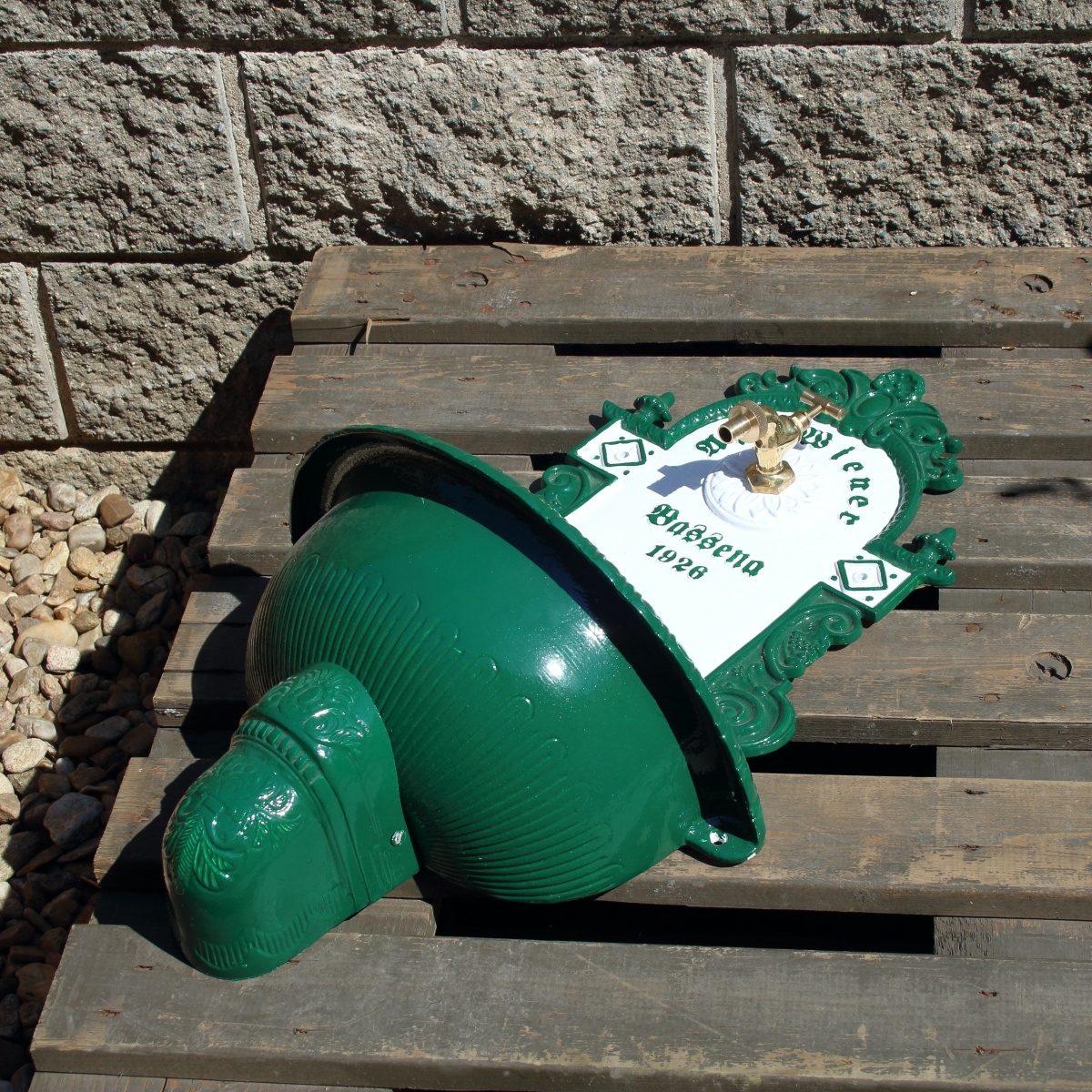 Zahradní umyvadlo Bassena zelené 43,5 x 21 x 72cm včetně krytu odpadu.
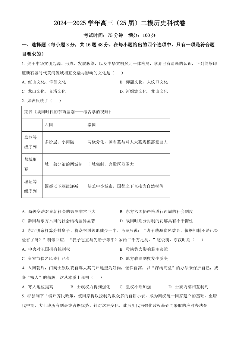辽宁省鞍山市第一中学2025届高三上学期10月二模历史+答案
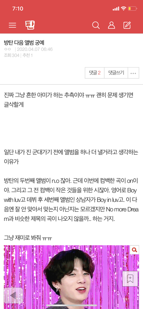 와 미친 내가 방탄 컴백할거라고 몇주 전에 글 썼는데 다 컴백 안 할것 같다고 했거든 ㅠㅠ 진짜 억울한데 또 너무 기쁘다ㅠㅠ
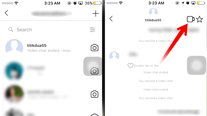 2. Pilih teman yang ingin kamu video call – tekan tanda ikon video di kanan atas (video call akan dimulai ketika orang yang ingin kamu video call, menerima panggilan video tersebut).
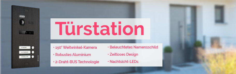 BALTER EVO Black Türstation für 3 Teilnehmer, 2-Draht BUS Technologie (Video / Audio / Strom), 150° Weitwinkelkamera
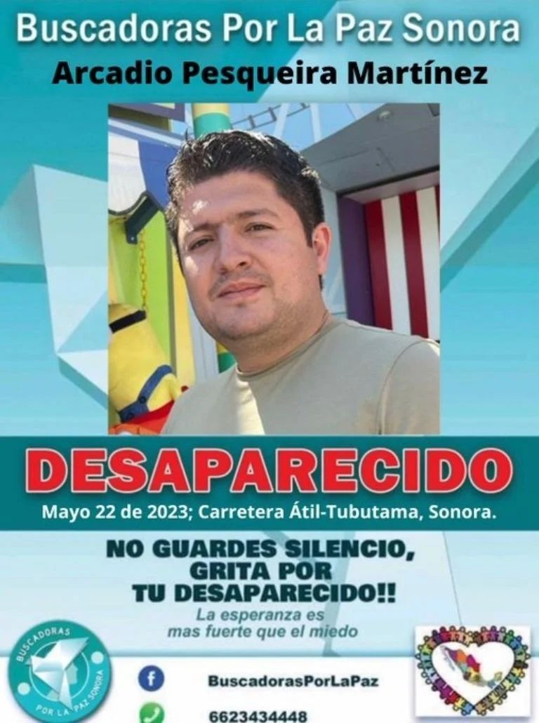 Altar, Sonora.- Fue el pasado 22 de mayo cuando el empresario ganadero Arcadio Pesqueira de 33 años de edad, tuvo contacto por última vez con su familia mientras circulaba sobre la carretera Átil-Tubutama ubicada en el municipio de Caborca en el estado de Sonora, razón por la se emitió un reporte de búsqueda y su familia ofreció una recompensa con tal de tenerlo de vuelta a casa y la Fiscalía ya emitió un reporte.
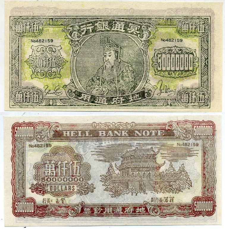 КИТАЙ 50000000 ДОЛЛАРОВ ND HELL BANK NOTE, ПОГРЕБАЛЬНЫЕ ДЕНЬГИ бумага UNC (ПРЕСС) 7204-61-3
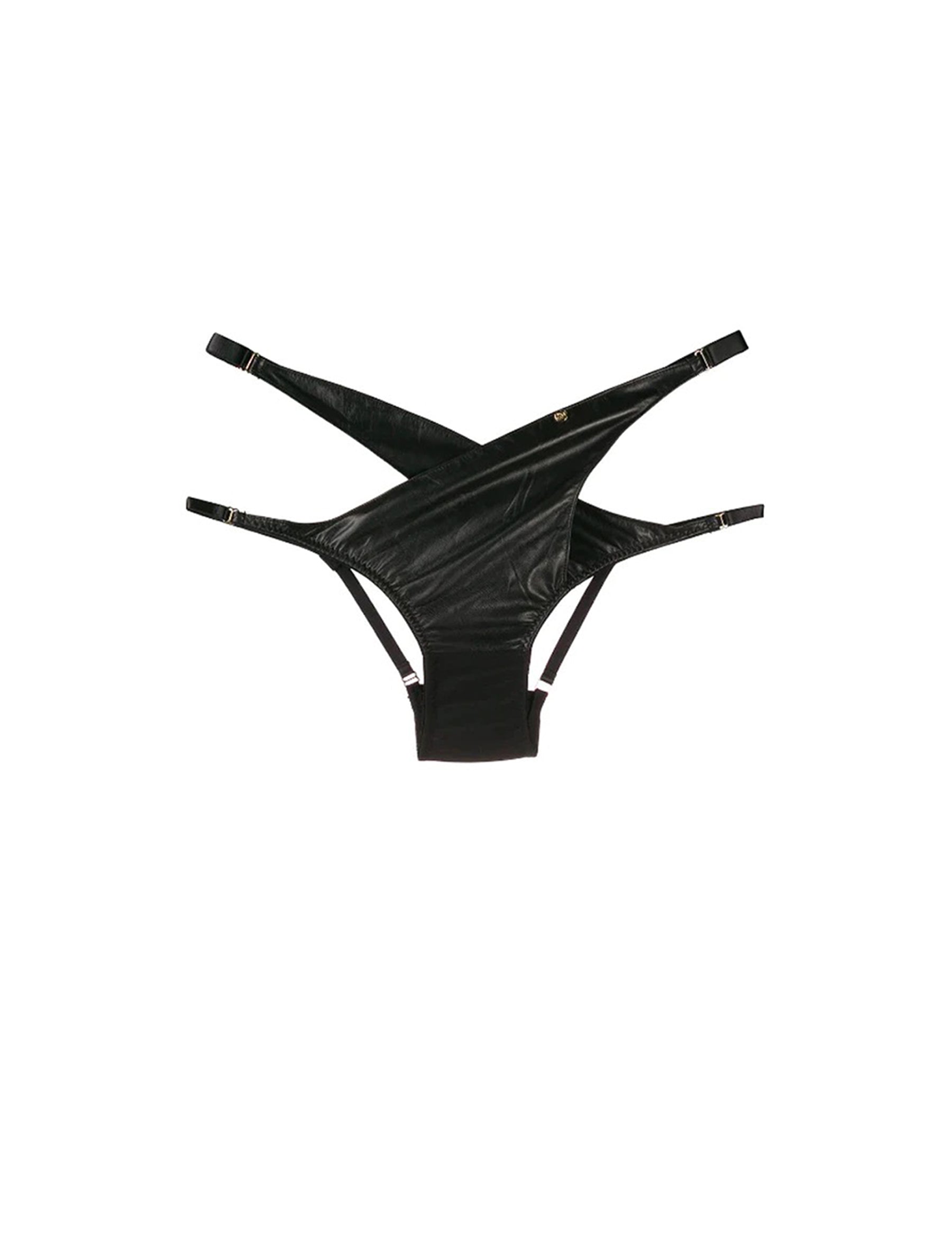 Black Lexi mini brief from SOMETHING WICKED featuring a strappy design and cut out details. Underwear and lingerie must be tried on over your own garments.
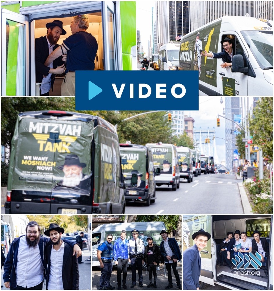 As part of a larger campaign to spread good deeds and add prayers for Israel, a convoy of fifteen mitzvah tanks spread out over NYC laying tefillin and giving tzedakah with Jews across the boroughs.
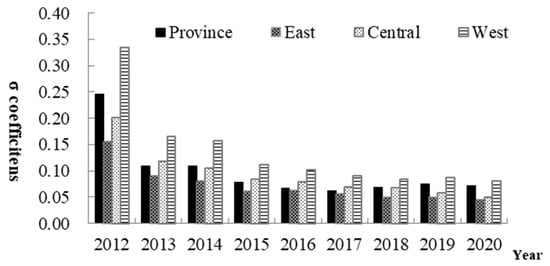 While the coupling coordination degree between digital finance and AMID presents a rapid growth trend, there is still a great difference between various provinces (see Figure 1). In 2012, the coupling coordination degree of digital finance and AMID of Guangdong was highest and was 3.3 times than that of Xinjiang (0.227), which was the lowest. The eastern region (0.684) was 1.35 times than that of the western region (0.508) (see Table 3). In 2020, the ratio reduced to 1.39 and 1.1, respectively, indicating that the differences of coupling coordination degree among provinces and regions are gradually narrowing down. The convergence coefficient of σ can be used to analyze the difference of the coupling coordination degree of digital finance and AMID in each province from the overall average level. If the convergence coefficient σ decreases, it can be concluded that the coupling coordination degree of digital finance and AMID has a convergence trend, indicating that the gap between provinces or regions is gradually narrowing down. Convergence coefficients σ of provincial and regional coupling coordination degree of digital financial and AMID are calculated by Equation (4), and results are shown in Figure 1.
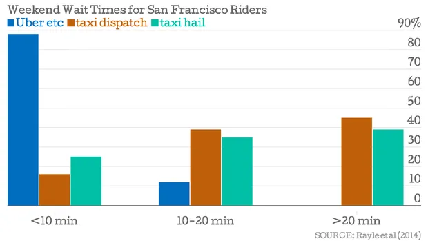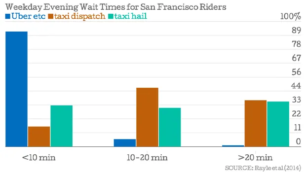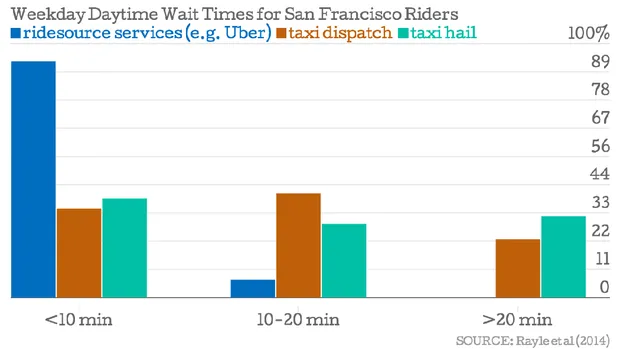 这在很大程度上与出租车为城市提供的服务相符。但在等待时间方面, ridesourcing 和出租车体验之间存在明显区别。根据这项新研究,Uber 等在这里占据了巨大的优势。我们在下面绘制了一些关于等待时间的数据。
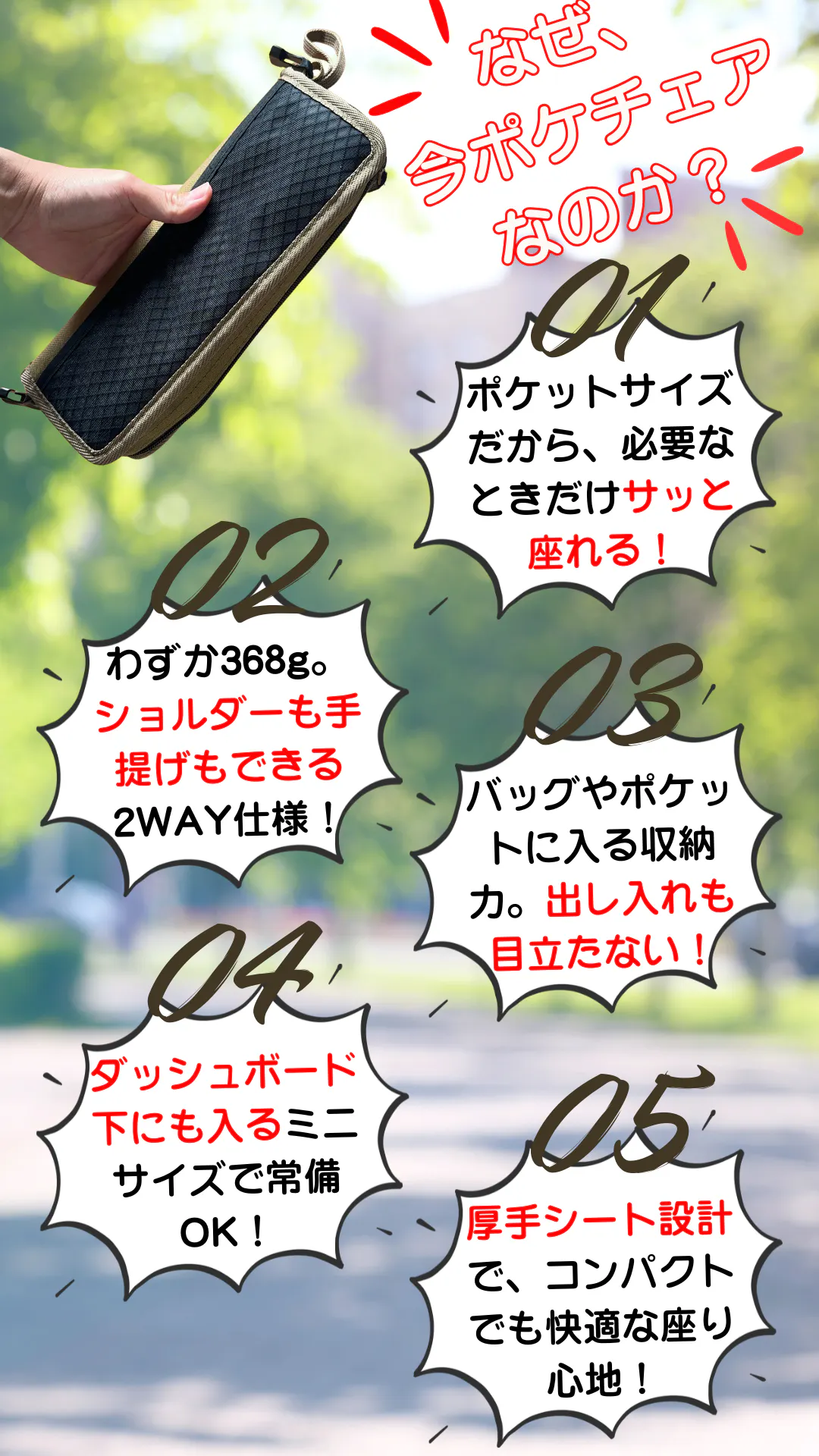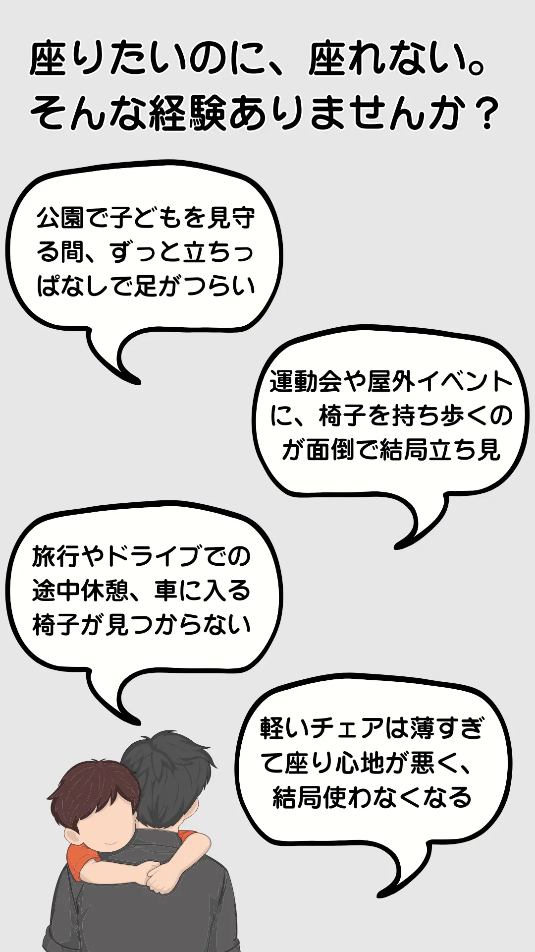 忙しいお出かけや、急な休憩にもぴったりな“すぐ使える椅子”です。

----

● **DIRECTIONS FOR THIS TASK**
Every line above should be copied exactly, apart from any pictures.

● **RESULT OF THIS EXERCISE**
 Zahradní umyvadlo Bassena zelené 43,5 x 21 x 72cm včetně krytu odpadu.
辽宁省鞍山市第一中学2025届高三上学期10月二模历史+答案
 와 미친 내가 방탄 컴백할거라고 몇주 전에 글 썼는데 다 컴백 안 할것 같다고 했거든 ㅠㅠ 진짜 억울한데 또 너무 기쁘다ㅠㅠ
 2. Pilih teman yang ingin kamu video call – tekan tanda ikon video di kanan atas (video call akan dimulai ketika orang yang ingin kamu video call, menerima panggilan video tersebut).
 BALTER EVO Black Türstation für 3 Teilnehmer, 2-Draht BUS Technologie (Video / Audio / Strom), 150° Weitwinkelkamera
 Altar, Sonora.- Fue el pasado 22 de mayo cuando el empresario ganadero Arcadio Pesqueira de 33 años de edad, tuvo contacto por última vez con su familia mientras circulaba sobre la carretera Átil-Tubutama ubicada en el municipio de Caborca en el estado de Sonora, razón por la se emitió un reporte de búsqueda y su familia ofreció una recompensa con tal de tenerlo de vuelta a casa y la Fiscalía ya emitió un reporte.
 КИТАЙ 50000000 ДОЛЛАРОВ ND HELL BANK NOTE, ПОГРЕБАЛЬНЫЕ ДЕНЬГИ бумага UNC (ПРЕСС) 7204-61-3
 Black Lexi mini brief from SOMETHING WICKED featuring a strappy design and cut out details. Underwear and lingerie must be tried on over your own garments.
 As part of a larger campaign to spread good deeds and add prayers for Israel, a convoy of fifteen mitzvah tanks spread out over NYC laying tefillin and giving tzedakah with Jews across the boroughs.
 While the coupling coordination degree between digital finance and AMID presents a rapid growth trend, there is still a great difference between various provinces (see Figure 1). In 2012, the coupling coordination degree of digital finance and AMID of Guangdong was highest and was 3.3 times than that of Xinjiang (0.227), which was the lowest. The eastern region (0.684) was 1.35 times than that of the western region (0.508) (see Table 3). In 2020, the ratio reduced to 1.39 and 1.1, respectively, indicating that the differences of coupling coordination degree among provinces and regions are gradually narrowing down. The convergence coefficient of σ can be used to analyze the difference of the coupling coordination degree of digital finance and AMID in each province from the overall average level. If the convergence coefficient σ decreases, it can be concluded that the coupling coordination degree of digital finance and AMID has a convergence trend, indicating that the gap between provinces or regions is gradually narrowing down. Convergence coefficients σ of provincial and regional coupling coordination degree of digital financial and AMID are calculated by Equation (4), and results are shown in Figure 1.
 这在很大程度上与出租车为城市提供的服务相符。但在等待时间方面, ridesourcing 和出租车体验之间存在明显区别。根据这项新研究,Uber 等在这里占据了巨大的优势。我们在下面绘制了一些关于等待时间的数据。
 忙しいお出かけや、急な休憩にもぴったりな“すぐ使える椅子”です。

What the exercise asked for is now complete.